A second object for defining decades
chromosome_id integer PRIMARY KEY Numeric identifier for the decade
name text Arbitrary name
genome_id integer Numeric identifier of the decade in the genome table
length integer The number of words in the decade (e.g. 1000)

TABLE gene

Describes information about an instance of a word
gene_id integer PRIMARY KEY Numeric identifier for a word
name text The word itself
description text Additional information about the word from the Google database
chromosome_id integer The chromosome_id of the parent decade
index_in_chromosome integer The rank of of the popularity of the word within the parent decade
start integer The normalized inverse log of the number of instances of the word in the parent decade
end integer The normalized inverse log of the one more than number of instances of the word in the parent decade
strand integer 1
ortholog_group_id integer A numeric identifier for all instances of the word (i.e. all instances of 'the' map to 1)


Additional data about the elements can be added to the gene table by adding a new column. Any additional information must be of a numeric form (one of "int", "integer", "tinyint", "smallint", "mediumint", "bigint","unsigned big int", "int2", "int8", "real", "double", "double precision", "float", "numeric", "decimal(10,5)", "boolean") and can then be used as a mapping to color individual elements in the tool (see "Customizing the Display").

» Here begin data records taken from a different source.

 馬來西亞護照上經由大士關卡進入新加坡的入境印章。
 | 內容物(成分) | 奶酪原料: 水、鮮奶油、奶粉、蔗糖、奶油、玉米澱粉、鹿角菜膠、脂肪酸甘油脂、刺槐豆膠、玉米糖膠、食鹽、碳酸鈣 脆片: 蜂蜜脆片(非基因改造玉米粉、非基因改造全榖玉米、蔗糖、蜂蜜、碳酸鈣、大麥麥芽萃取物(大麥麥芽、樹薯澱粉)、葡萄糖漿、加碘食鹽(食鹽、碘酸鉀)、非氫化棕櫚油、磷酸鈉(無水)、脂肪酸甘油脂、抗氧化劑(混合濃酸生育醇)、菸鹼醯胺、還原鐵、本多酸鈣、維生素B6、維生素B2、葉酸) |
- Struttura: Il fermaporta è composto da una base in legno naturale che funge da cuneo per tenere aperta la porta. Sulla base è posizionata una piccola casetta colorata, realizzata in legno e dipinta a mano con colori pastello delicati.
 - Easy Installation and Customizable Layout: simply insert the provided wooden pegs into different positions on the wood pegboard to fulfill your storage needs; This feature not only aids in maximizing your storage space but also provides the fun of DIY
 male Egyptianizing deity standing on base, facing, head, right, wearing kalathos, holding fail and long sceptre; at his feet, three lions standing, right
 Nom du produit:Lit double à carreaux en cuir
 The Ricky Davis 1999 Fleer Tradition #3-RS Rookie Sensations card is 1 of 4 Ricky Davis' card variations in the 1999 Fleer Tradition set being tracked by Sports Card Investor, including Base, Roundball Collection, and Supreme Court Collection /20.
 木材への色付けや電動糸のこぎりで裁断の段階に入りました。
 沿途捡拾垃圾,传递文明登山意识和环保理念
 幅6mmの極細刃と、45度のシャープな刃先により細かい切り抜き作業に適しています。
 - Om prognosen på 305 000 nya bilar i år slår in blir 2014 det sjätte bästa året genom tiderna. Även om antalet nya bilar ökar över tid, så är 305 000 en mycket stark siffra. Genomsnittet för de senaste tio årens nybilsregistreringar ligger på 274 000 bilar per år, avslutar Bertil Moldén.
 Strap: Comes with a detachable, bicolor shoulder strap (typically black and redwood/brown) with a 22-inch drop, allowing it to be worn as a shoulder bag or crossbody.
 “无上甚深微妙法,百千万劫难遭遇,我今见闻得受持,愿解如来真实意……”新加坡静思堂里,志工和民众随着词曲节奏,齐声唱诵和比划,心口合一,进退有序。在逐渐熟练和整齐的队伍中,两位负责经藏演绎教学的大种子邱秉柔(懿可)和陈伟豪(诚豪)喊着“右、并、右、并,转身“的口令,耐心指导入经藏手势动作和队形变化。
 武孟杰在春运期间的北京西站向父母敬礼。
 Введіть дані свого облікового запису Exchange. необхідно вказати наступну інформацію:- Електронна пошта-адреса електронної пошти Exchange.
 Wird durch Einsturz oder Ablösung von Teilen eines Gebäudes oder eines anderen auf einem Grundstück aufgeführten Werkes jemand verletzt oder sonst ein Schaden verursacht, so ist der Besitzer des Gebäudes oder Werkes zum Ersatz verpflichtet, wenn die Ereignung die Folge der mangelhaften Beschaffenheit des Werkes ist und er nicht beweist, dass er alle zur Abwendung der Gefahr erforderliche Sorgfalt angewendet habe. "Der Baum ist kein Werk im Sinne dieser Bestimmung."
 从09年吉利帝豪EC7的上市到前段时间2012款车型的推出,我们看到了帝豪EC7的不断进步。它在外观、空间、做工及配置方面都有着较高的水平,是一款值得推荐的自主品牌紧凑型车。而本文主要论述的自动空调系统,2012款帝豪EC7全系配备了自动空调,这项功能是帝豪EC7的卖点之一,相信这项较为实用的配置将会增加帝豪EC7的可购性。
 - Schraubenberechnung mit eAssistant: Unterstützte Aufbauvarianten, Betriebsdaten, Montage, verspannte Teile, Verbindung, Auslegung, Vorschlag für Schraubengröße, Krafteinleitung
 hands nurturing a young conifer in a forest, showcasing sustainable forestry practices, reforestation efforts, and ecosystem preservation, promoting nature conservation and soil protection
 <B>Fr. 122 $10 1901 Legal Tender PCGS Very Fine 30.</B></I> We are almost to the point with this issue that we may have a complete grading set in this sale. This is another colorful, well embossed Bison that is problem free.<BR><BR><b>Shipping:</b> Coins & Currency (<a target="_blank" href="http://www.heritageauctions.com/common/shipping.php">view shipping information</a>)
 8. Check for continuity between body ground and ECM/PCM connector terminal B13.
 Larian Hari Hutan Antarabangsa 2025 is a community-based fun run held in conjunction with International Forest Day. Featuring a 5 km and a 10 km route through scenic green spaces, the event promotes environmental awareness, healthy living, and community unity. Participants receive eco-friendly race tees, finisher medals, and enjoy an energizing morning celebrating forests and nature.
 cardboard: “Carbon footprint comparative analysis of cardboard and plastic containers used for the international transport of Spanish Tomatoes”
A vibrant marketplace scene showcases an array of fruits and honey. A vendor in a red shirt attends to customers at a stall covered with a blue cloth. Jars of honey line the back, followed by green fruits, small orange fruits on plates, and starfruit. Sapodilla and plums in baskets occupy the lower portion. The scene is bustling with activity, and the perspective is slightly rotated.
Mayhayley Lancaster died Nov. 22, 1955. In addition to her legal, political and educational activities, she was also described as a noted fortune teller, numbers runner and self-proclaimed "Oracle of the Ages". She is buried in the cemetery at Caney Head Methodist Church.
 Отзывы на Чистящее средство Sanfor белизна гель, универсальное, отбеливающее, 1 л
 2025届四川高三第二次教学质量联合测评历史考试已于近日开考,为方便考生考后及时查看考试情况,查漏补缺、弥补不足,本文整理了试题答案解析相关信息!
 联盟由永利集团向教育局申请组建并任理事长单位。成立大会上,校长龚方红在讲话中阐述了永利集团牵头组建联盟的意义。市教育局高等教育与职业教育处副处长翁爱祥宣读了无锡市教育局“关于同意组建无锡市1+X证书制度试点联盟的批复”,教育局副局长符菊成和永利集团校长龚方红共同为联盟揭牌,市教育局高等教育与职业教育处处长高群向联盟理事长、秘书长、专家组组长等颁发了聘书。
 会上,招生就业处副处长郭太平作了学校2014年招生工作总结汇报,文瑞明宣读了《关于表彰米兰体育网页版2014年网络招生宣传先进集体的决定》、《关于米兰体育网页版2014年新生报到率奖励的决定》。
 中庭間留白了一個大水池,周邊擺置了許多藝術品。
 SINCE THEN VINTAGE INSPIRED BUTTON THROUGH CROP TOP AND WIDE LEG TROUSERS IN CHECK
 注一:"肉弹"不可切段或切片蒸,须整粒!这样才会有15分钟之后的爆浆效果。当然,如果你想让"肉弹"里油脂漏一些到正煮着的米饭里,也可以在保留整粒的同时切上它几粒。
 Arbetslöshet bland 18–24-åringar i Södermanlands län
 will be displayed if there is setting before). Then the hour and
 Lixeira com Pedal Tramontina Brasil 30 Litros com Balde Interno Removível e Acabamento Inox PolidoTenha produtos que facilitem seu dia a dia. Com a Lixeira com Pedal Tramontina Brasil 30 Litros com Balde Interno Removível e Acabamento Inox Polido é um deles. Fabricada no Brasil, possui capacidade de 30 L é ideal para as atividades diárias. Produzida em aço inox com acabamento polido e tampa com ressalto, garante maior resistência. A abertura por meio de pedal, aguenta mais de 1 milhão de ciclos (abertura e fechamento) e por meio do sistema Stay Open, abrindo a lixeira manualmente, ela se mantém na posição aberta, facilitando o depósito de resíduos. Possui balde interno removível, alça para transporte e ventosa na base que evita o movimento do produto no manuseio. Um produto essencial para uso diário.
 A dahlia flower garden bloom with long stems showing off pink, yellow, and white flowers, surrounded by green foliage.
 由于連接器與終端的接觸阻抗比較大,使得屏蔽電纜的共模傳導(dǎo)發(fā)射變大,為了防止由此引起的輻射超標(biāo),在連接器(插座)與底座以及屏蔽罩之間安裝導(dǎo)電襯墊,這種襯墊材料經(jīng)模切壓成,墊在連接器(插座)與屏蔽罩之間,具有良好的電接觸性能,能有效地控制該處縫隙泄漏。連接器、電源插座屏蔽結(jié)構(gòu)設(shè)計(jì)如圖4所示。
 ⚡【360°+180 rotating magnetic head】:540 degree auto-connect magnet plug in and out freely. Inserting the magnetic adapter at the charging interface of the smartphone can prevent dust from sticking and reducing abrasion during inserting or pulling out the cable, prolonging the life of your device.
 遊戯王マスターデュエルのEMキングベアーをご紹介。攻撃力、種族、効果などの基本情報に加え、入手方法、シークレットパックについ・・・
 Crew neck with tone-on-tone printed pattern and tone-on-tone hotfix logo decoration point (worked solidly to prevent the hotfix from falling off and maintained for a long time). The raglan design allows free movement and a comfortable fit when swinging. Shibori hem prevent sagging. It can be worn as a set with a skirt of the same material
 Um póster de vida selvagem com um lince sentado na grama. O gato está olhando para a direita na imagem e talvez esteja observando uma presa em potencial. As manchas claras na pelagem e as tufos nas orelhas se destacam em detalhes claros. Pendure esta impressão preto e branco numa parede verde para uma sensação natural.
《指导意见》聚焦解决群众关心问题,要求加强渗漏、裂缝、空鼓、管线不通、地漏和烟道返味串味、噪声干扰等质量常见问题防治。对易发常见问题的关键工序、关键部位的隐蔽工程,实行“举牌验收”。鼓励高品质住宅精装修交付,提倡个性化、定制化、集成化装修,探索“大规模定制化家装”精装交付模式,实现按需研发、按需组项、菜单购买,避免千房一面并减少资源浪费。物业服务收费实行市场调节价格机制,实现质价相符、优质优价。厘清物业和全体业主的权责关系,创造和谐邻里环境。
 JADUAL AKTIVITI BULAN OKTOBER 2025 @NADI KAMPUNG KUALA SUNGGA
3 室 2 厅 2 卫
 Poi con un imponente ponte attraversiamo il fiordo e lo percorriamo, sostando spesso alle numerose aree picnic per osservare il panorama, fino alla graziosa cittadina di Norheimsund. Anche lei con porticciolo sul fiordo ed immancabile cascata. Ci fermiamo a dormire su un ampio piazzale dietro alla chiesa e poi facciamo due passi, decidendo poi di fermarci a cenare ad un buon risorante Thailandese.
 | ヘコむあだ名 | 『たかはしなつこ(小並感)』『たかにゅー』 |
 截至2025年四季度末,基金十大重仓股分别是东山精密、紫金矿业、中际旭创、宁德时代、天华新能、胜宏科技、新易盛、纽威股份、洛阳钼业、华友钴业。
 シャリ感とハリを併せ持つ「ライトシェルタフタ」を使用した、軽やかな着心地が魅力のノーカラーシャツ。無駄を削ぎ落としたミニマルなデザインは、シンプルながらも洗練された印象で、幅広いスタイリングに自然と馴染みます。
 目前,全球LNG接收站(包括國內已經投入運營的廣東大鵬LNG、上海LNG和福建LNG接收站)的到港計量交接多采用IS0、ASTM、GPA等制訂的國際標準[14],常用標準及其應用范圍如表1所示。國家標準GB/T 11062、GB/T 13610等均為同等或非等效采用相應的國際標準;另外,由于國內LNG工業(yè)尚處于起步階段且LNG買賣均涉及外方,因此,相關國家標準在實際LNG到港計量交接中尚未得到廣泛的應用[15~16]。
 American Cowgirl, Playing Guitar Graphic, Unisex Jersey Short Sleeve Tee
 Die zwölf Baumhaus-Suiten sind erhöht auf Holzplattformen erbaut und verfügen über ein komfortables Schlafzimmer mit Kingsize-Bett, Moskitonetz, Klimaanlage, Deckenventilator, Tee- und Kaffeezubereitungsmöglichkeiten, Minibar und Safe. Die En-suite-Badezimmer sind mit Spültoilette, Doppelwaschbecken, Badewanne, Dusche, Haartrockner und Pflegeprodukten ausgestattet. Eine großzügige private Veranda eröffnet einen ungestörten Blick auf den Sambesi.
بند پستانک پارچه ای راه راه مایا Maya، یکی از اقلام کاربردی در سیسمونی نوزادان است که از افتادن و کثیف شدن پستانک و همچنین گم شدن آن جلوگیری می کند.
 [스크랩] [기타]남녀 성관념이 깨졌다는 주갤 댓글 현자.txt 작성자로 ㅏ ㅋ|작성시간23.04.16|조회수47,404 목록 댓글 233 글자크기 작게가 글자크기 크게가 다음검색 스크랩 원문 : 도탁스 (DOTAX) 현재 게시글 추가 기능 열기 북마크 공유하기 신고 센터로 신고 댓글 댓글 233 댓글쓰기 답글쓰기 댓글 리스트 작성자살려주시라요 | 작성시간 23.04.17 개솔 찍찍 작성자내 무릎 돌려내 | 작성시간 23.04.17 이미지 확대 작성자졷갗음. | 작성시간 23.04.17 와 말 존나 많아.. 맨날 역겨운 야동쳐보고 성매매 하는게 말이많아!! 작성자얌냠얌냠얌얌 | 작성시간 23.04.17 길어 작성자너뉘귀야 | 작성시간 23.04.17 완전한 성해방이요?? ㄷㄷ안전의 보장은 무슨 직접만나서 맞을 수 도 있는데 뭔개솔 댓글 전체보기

Data can also be added through CSV files. The files must be of the format:

<set_name>, <element_name>, <position_in_set>, <count_value>

where each entry is located on a separate line. The number of elements loaded can be set by setting an upper bound on the "rank" value (see "Customizing the Display"). All datasets must use matching element_name values to define matching element names.

 

 


Display Overview

TextDNA
The default TextDNA display window.

TextDNA leverages multiple visual displays to support visual analysis. The above image is the default TextDNA screen that appears when first loading a dataset. The components are as follows:

Interacting with different elements of the display can affect other display components. For more detailed information on interaction with the various componenets of the display, see the ensuing sections of this guide.

 


Basic Use

To load a dataset into TextDNA, select the "Load Dataset" tab from the Navigation Pane. Click on the "Load" button to open the load file dialog box and navigate to the desired dataset on your computer (NOTE: files must have .db, .sql, or .sqlite extensions). Select the file and click "Open" to load the data into the tool.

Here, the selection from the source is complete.